There's no doubt that Americans don't feel that our national security is being overly protected as we watch videos of the Attorney General squirming and dodging when asked by a member of the House Judiciary Committee to draw a possible connection between the term "radical Islam" and the Times Square bomber, a Pakistani who trained with and was funded by the Taliban.
What is Big Nanny protecting us from? Dietary salt. Adipose tissue in our children's pudgy little cheeks. Accidental exposure to the sight of an 8-foot cross tucked away in 1.5 million acre desert.
How about Muslim wack-jobs trying to blow up American children while they watch a play on Times Square? There we're on our own.

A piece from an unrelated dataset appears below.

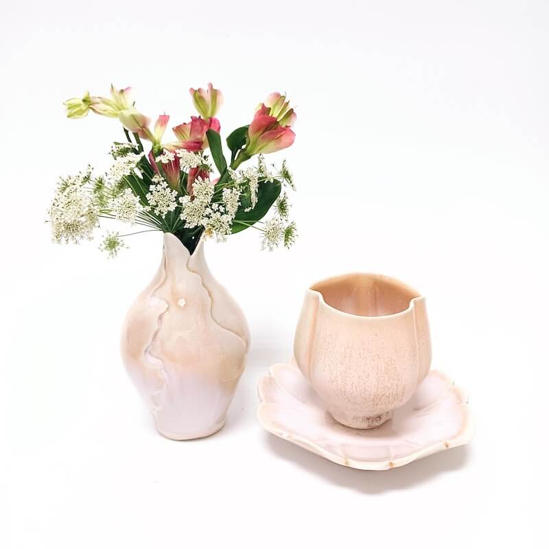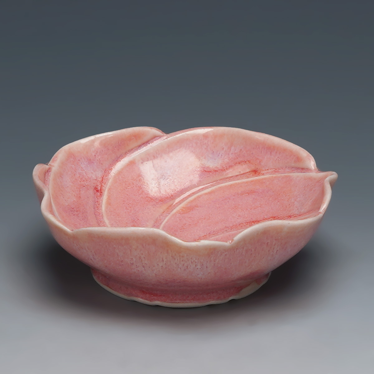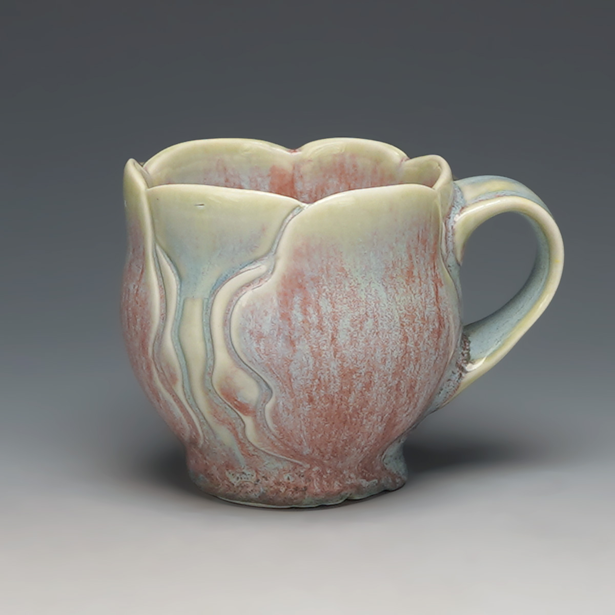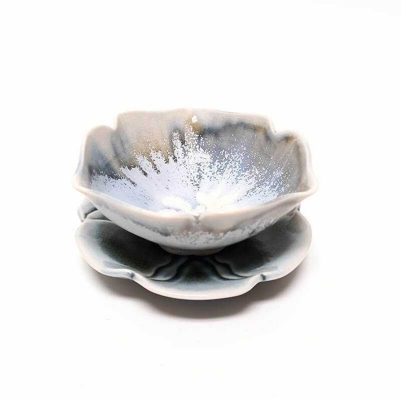 My love of plants fuels my search for beauty. I am fascinated and inspired by the physical properties of flowers including their form, surface, color, pattern, and movement. In addition, their ephemerality and sense of preciousness enhance their seemingly magical existence. My floral-inspired porcelain tableware involves hand-built and wheel-thrown components that are altered and carved. I use microcrystalline glazes to mimic the rich and captivating surfaces of flower petals. Inspired by my background in jewelry, I incorporate stone-setting techniques where I set gemstones into the raw clay. I often include these ‘hidden gems’ on the foot of a pot, rewarding the user’s investigation with a moment of discovery. To me, this act of discovery is reminiscent of noticing a dewdrop on the underside of a leaf. I want to encourage others to recognize and appreciate the small, beautiful moments that too often go unnoticed.

Back in 2006, Mark Steyn pointed out that Big Government is a national security threat:
The state has gradually annexed all the responsibilities of adulthood--health care, child care, care of the elderly--to the point where it's effectively severed its citizens from humanity's primal instincts, not least the survival instinct. In the American context, the federal "deficit" isn't the problem; it's the government programs that cause the deficit. These programs would be wrong even if Bill Gates wrote a check to cover them each month. They corrode the citizen's sense of self-reliance to a potentially fatal degree. Big government is a national security threat; it increases your vulnerability to threats like Islamism, and makes it less likely you'll be able to summon the will to rebuff it. We should have learned that lesson on September 11, 2001, when big government flopped big-time and the only good news of the day came from the ad hoc citizen militia of Flight 93. (America Alone, prologue to 2008 edition)Enter a new and extensive set of 59 carbon-tracking and taxing government bureaucracies designed to infantilize us even more. If you'd like a closer look at this list (courtesy of Investors Business Daily and Mark Morano of Climate Depot), click on the image to open it, then click on it again to zoom.

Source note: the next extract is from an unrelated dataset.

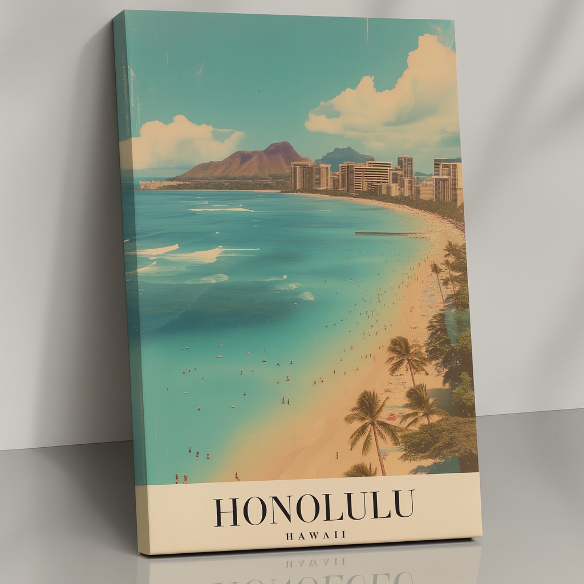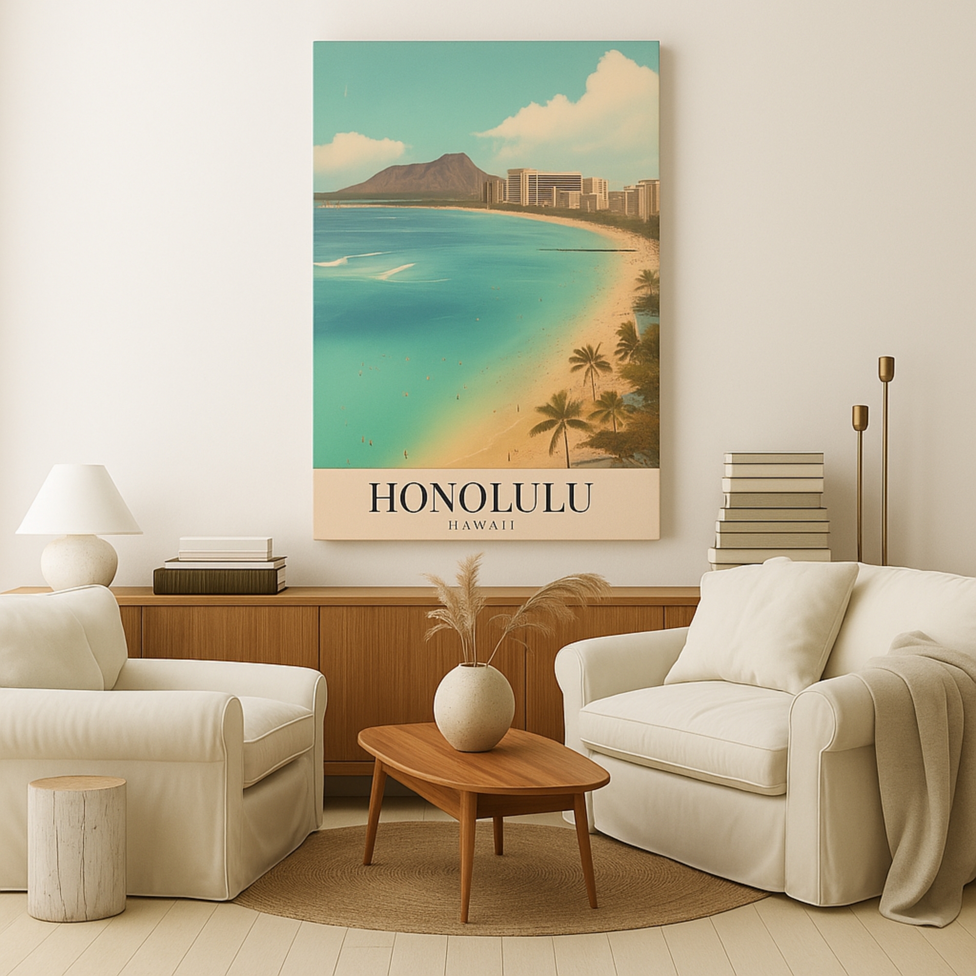 Embrace the tropical spirit with the Canvas Print of Honolulu Hawaii, a vibrant artwork that captures ocean horizons, lush palms, and breezy island charm. With its vivid colors and tranquil mood, this piece transports you to a year-round getaway, filling your home with the relaxing essence of Hawaii. Exotic yet soothing, it’s the perfect addition to living rooms, bedrooms, vacation homes, or any space that craves coastal calm and a touch of paradise.

My personal favorite on the list is #60, which is not a government bureaucracy per se. Item #60 merely gives the EPA authority to establish additional "climate change" programs when the previous 59 new bureaucracies prove insufficient. These agencies, now merely gleams in Big Nanny's eye, include agencies affecting "climate change" and water management, fire protection, and coastal watersheds. We wouldn't want to let any opportunities for new tax-supported government bureaucracies to slip away. You still might have some money left under one of your sofa cushions.